Cinta Sederhana

Nur Mahmudah
Karya Nur Mahmudah Kategori Catatan Harian
dipublikasikan 25 Februari 2016
Cinta Sederhana

 

Jika cinta hanya dengan kata-kata

Jika cinta hanya dengan pengungkapan

Lalu bagaimana dengan kakek nenek yang masih bersama hingga tua renta. Cintanya tak pernah terungkap lewat kata. Tak pernah tergambar melalui ungkapan.

Karena bagi mereka cinta lebih dari sekedar kata. Lebih dari sekedar rangkaian bunga.

Ketika nenek menunggui kakek pulang dari sawah, menyambutnya dengan senyum yang tak pernah pudar sejak awal mereka bersama. Menyiapkan secangkir teh hangat tanpa gula, melepas dahaga. Meski dengan tertatih membukakan pintu. Tapi seperti itulah cinta yang nyata. Yang tak pernah jemu menyemai rasa.

Ketika kakek menunggui nenek yang terbaring lemah di rumah sakit. Tertidur di atas kursi besi sambil menggenggam tangan yang dikasihinya. Hanya berdua. Padahal tubuhnya juga lelah. Tapi baginya itulah cinta yang semestinya.

Saat tubuh tak lagi segagah masa muda, mereka masih saling menjaga. Saat penglihatan mulai mengabur, mereka akan selalu saling menghibur. Saat berjalan pun kembali tertatih, mereka tak pernah letih untuk saling melindungi.

Saat hanya ada mereka berdua di rumah mungil yang mereka bangun bersama. Kata-kata cinta tak lagi berarti banyak. Namun tindakan dan kesetiaan serta penerimaan yang begitu luas, menjadi satu satunya bukti nyata. Bahwa cinta mereka tak termakan usia.

Sampai salah satu diantara mereka pergi lebih dulu. Tak bisa kubayangkan bagaimana jadinya. Si nenek yang tetap menunggu di teras rumah dengan secangkir teh hangat tanpa gula. Meski ia tahu, yang ditunggu pasti tak datang.

Atau si kakek yang sepulang dari sawah, menunggu istrinya membukakan pintu, dengan senyum hangat yang mampu redakan penat. Meski ia tahu, pintunya tidak akan lagi terbuka dari dalam.

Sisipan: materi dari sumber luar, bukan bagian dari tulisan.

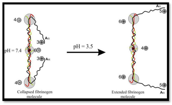 By estimating the charge distribution of a fibrinogen molecule under physiological, acidic, and basic pH values, Adamczyk et al. [36] predicted the angles between the Aα and the main body of a fibrinogen molecule. The angles were 56° at pH of 7.4 and 115° at pH < 4 and pH > 10. These angles highlight that fibrinogen has a compact conformation at neutral pH; however, the Aα arms expand outward as the pH becomes more acidic or basic. Weisel and Medved [45] used microcalorimetry and electron microscopy to show that under neutral pH, αC domains interact with the E domain; however, under acidic conditions, these interactions are dissociated and αC domains stretch outward.

Tapi rutinitas itu masih saja dilakukan. Karena bagi mereka, semua masih sama. Tidak akan ada yang berubah.

Yang mereka tahu hanya satu. Bahwa cintanya sudah paten, tidak akan berkurang walau setitik. Rindunya sudah memuncak pada pertemuan abadi di surga kelak.

Begitulah, cintanya sederhana. Sesederhana embun merindu pagi. Sesederhana gerimis menanti pelangi. Sesederhana pantai menunggu ombak. Tapi kau tahu, semua itu mutlak.